What if the FAA required that jet aircraft be able to survive crashes into the ground?
Or if the FHA said automobiles had to survive any head-on crash at 60 mph into a tractor trailer without deformation?
Even if such vehicles could be engineered, they would be far too costly to operate. But for passenger trains, that is precisely what the FRA has been doing.
Amtrak's botched attempt at a high-speed train is a good case study in the problems caused by the FRA. As originally designed, the Acela was supposed to provide high-speed rail service on the Northeast Corridor (NEC) between Boston, New York, and Washington DC with speeds as high as 150 mph.
In order to procure the world's best off-the-shelf train for the least amount of money, Amtrak decided to buy an existing design from a European or Japanese manufacturer, who have decades of experience building and operating high-speed trains. The winner of this competition was a consortium of Bombadier and Alstom (the French TGV builder).
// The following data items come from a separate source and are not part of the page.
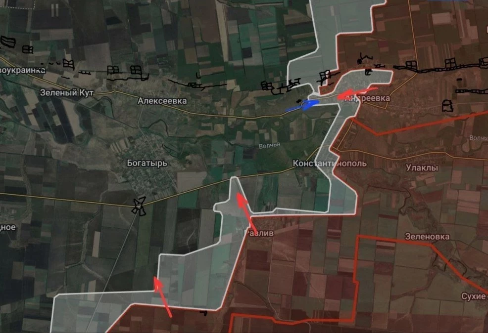 На Богатырско-Комаровском направлении ВС РФ давят на окраинах Алексеевки, продолжаются встречные бои. Северо-западнее Разлива российские войска ведут штурмовые действия в направлении Богатыря, отмечаются локальные боестолкновения южнее упомянутого населённого пункта.
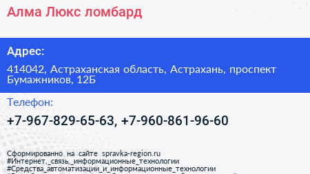 Алма-Люкс, ломбард по адресу 414042, Астраханская область, Астрахань, проспект Бумажников, 12Б в дальнейшем Организация, размещена в следующих категориях:
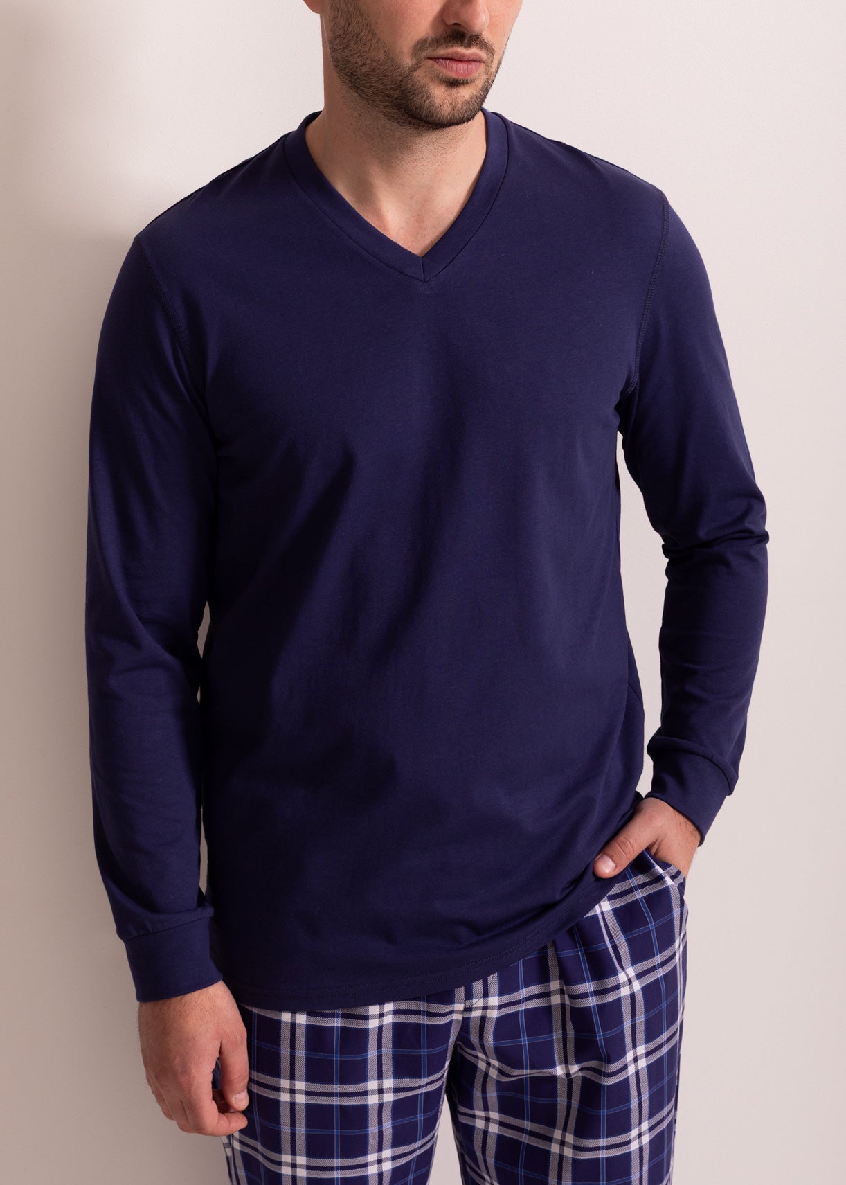 Pijama bărbați bumbac – pijama confortabilă cu mâneci lungi și pantaloni cu buzunare
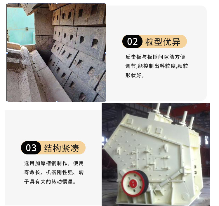 反擊式破碎機(jī)能破碎進(jìn)料粒度不超過(guò)500mm、抗壓強(qiáng)度不超過(guò)350MPa的各種粗、中、細(xì)石料(石灰?guī)r、石灰石、混凝土等),尤其擅長(zhǎng)加工韌性小,脆性大的礦石,成品棱角均勻,是常用的二級(jí)破碎設(shè)備,廣泛應(yīng)用于各種礦石破碎、鐵路、高速公路、能源、水泥、化工、建筑等行業(yè),其排料粒度大小可以調(diào)節(jié),破碎規(guī)格多樣化。
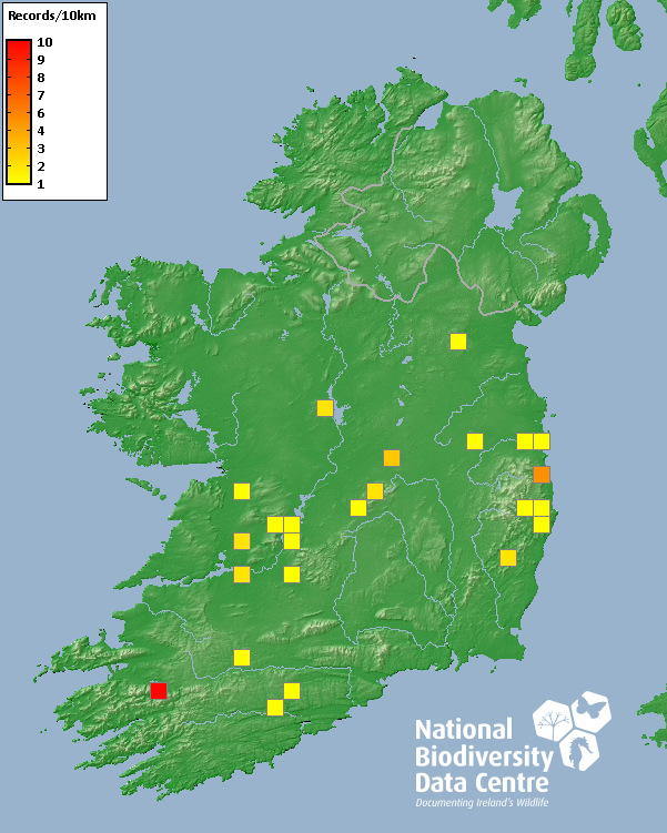 Distribution of the number of records recorded within each 10km grid square (ITM).Marine Map - 50km
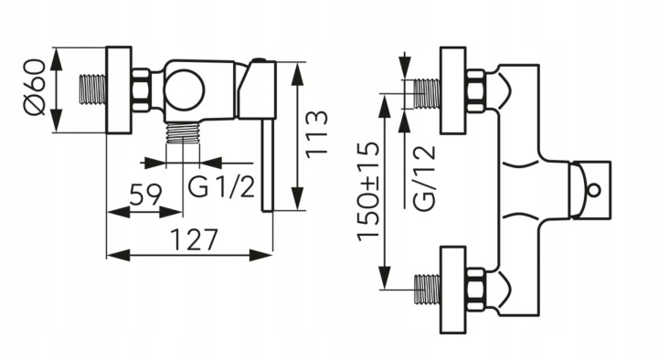 Produsul este echipat cu regulator ceramic, iar conexiunea se realizează prin racord excentric G1/2. Distanța dintre racorduri este de 150 ± 20 mm, iar înălțimea bateriei este de 113 mm. Pachetul conține bateria de duș.
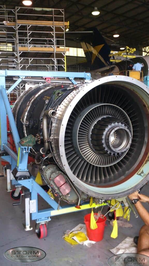 We created these custom service stands for Alliance Airlines. The custom mount and setup allows them to manage their Rolls Royce engines.
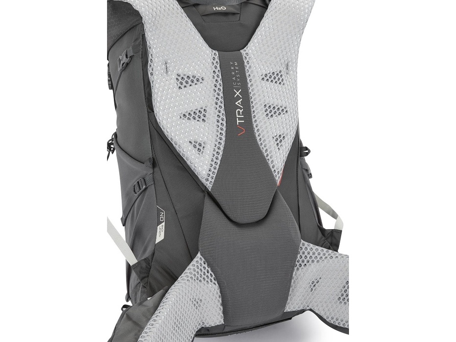 V-TRAX™ je nosný systém s nastavitelnou délkou zádového panelu pomocí suchého zipu. Společně s podpůrným bederním pásem zajišťuje plný kontakt se zády a vynikající stabilitu.

Then, in 1999 with Acela planning fully underway,
the FRA pulled the rug out by issuing regulations for high-speed rail service requiring trains to withstand 800,000 pounds force without deformation. The 800,000 figure is an arbitrary number dating back to the 1920s; this mandate has since been increased to 1 million pounds.
The buffering requirement confounded Bombadier. Train weight is of crucial importance as it affects the amount of track wear, noise, and energy costs. To meet the buffering regulation, the train would have to be significantly bulked-up. The result was a highspeed train nearly twice as heavy as its European counterparts. As such, the Acela has been described variously as a tank-on-wheels and a bank-vault-on-wheels. Indeed, an overweight train like Acela would be banned from the European high speed rail network.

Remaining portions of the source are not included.